21-6
俺とミカさん、そして妖精のコルデリアの三人の冒険がはじまった。
行く先は『ミザル溶岩洞窟』。
拠点の街からずっと南下した場所にあるミザル火山がそこである。
転移機能を利用して拠点の街に帰ってきた俺たちは、さっそくミザル火山行きの乗合馬車に乗ったのであった。
「わたくし、街を見てまわりたかったですわ」
「すまないねコルデリアちゃん。あまり時間を使うと夜になってしまうから」
「ええ、承知していますわ。わたくし、聞き分けはよいほうですの」
「今度、エミリエルやフレイアも連れて街をまわろう」
「トキヤさまはおやさしいのですね」
馬車はゆっくりとした足取りで道を進んでいく。
延々と広がるなだらかな丘陵。点在する民家と、風に波打つ麦畑。
乗合馬車での旅は、良く言えばおだやかで、悪く言えば退屈だった。
コルデリアも最初こそ外の世界が珍しくて、建物が見えるたびに「あれはなんですの?」と指さして俺たちに尋ねていたが、今は座席に深くもたれてあくびをしている。それからやがて俺に身体を預けて寝入ってしまった。
「トキヤくんも寝るといい。到着したら私が起こそう」
ミカさんはストレージから取り出した本を読んでいた。
「それってどんな内容の本ですか?」
「物語だね。勇者が邪悪な竜を倒す旅ををする冒険譚さ」
「ミカさんってもしかして現実世界にいたころも本をよく読んでました?」
「ああ。読書が趣味だったからね。キミはどうだい?」
俺は書くほうが趣味です。
とは恥ずかしくて言えなかったので素直に首を縦に振った。
「なら、私の持ってきた本貸そう。他にもストレージに本はたくさんあるんだ」
俺はミカさんから本を借りて退屈な旅をしのいだ。
俺の借りた本も冒険の物語だった。
ミカさんはこういう本が趣味なのだろうか。
「ミカさんってラノベとか読みます?」
「ライトノベルかい? いや、読まないね。現実世界にいたころは純文学をよく読んでいたよ。大学も文系だったからね。今読んでいる本がどれも冒険物語なのは、普段はそういったジャンルを読んでいなくて興味を引かれたからだよ」
「純文学……。すごいですね」
「すごくはないさ。ライトノベルも文豪たちの書いた小説も等しく『本』だよ」
それから俺とミカさんは黙って本を読んで過ごした。
乗合馬車は延々と車輪を回し、ゆらゆらと揺れながら道を進んでいく。
途中、小さな村に停まって御者が馬を休ませてエサをやる間、俺たちは馬車の外で固くなった身体を伸ばした。

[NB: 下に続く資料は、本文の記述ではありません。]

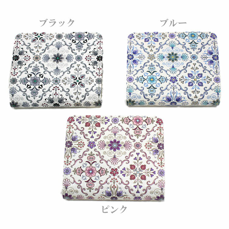 熟練の職人が、手書き友禅染めで濃淡を加え染め上げた色彩の美しい二つ折り財布です。 姫路産の真っ白な文庫革を使用し、カラーも鮮やか。 花をモチーフに左右対称にデザインされたオリエント柄は現在の流行に合わせてブランド独自にアレンジした創作柄。 各工程の細部にまでこだわった、一切妥協のない熟練した職人の技が光る逸品です。 浅草文庫の手になじむふっくらとした感触と繊細な技の冴えをご堪能下さい。 ※画像では木製の化粧箱に入っておりますが、2023年11月より白い紙製の化粧箱に順次切り替えておりますので 予めご了承のほどお願い申し上げます。 <サイズ>)縦9.5cm×横11cm×マチ2.5cm <重さ>約100g <素材>牛革 <原産国>日本 【仕様詳細】・開閉ホック式、オープンポケット×2(札入れ等) ・カード入れ×8 ・ファスナー式小銭入れ×1、小銭入れ内/オープンポケット×2、カード入れ×1 <カラー>ピンク、ブラック、ブルー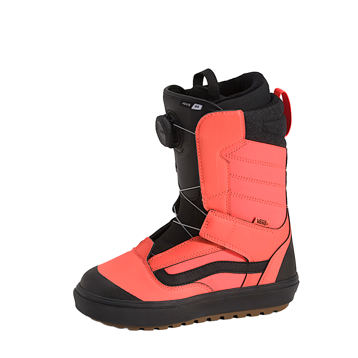 The Juvie OG is built to support groms who rip. Complete with a V1 UltraCush™ liner, V1 POPCUSH™ footbed, and V1 Waffle Lug outsole with All-Trac, this boot matches features with all of Vans’ adult-level OG products. When combined with the BOA® Fit System, the Juvie OG is the youth culture’s clear choice for progression and undeniable style.
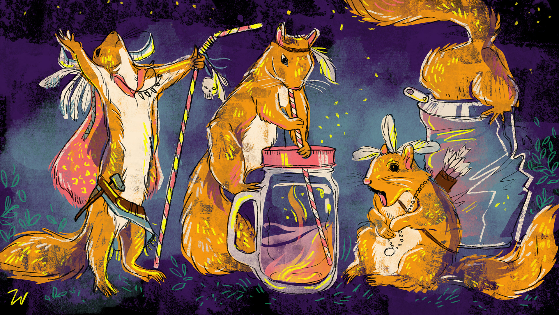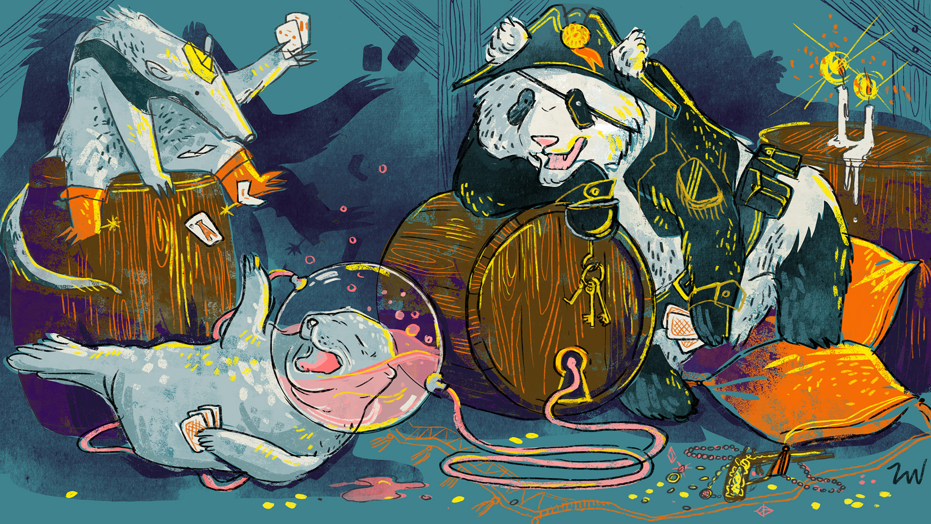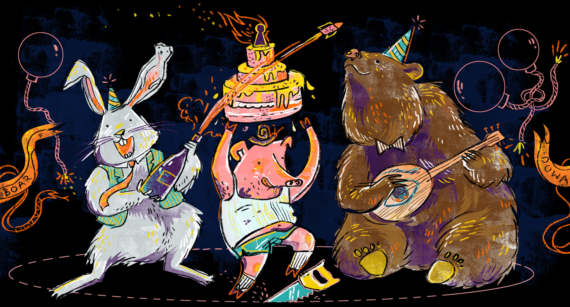 Set of illustrations for website and social media. Boardowa - place in Cracow where you can eat, drink and play board games.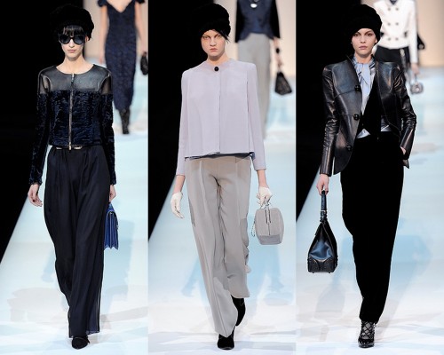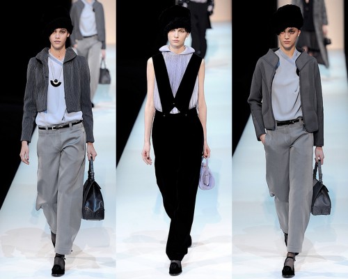 MILANO – Una garçonne chic e donna quella di Giorgio Armani, che con bretelle e pantaloni, baschi e stivaletti bassi riesce ad apparire più femminile che mai.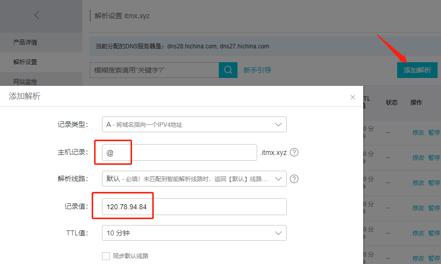 @表示直接解析一级域名itmx.xyz到IP地址120.78.94.84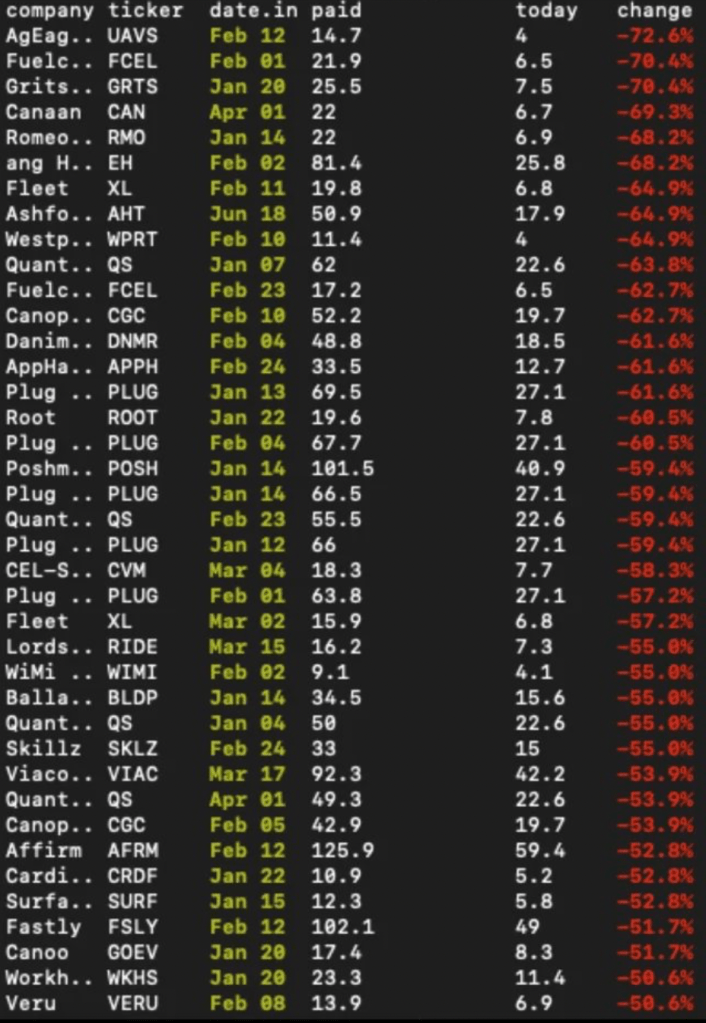 Below you will see a sample of his picks from the beginning of 2021 and how those picks have fared since. Yikes!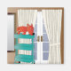 Coordinates with Ikea product: Barnslig Räv musical soft toy, Råskog kitchen cart, Ritva curtains, and Levanger mirror.

俺の前をふわふわ浮いていたコルデリアが大きなあくびをする。
「冒険って意外と退屈ですのね」
「火山についてからが本番だぞ。魔物も出るからな」
「魔物との戦いならおまかせあれ。剣には自信がありますの」
コルデリアは腰の剣を抜いて構えてみせた。
「剣もいいけど、コルデリアにはエンチャントを頼みたいんだ」
「エンチャント……。エミリエルがトキヤさまの槍に光を宿したあれですわね」
「いざというときは頼むぞ」
「おまかせくださいな」
休憩は終わり、俺とミカさん、コルデリアは再び乗合馬車に乗った。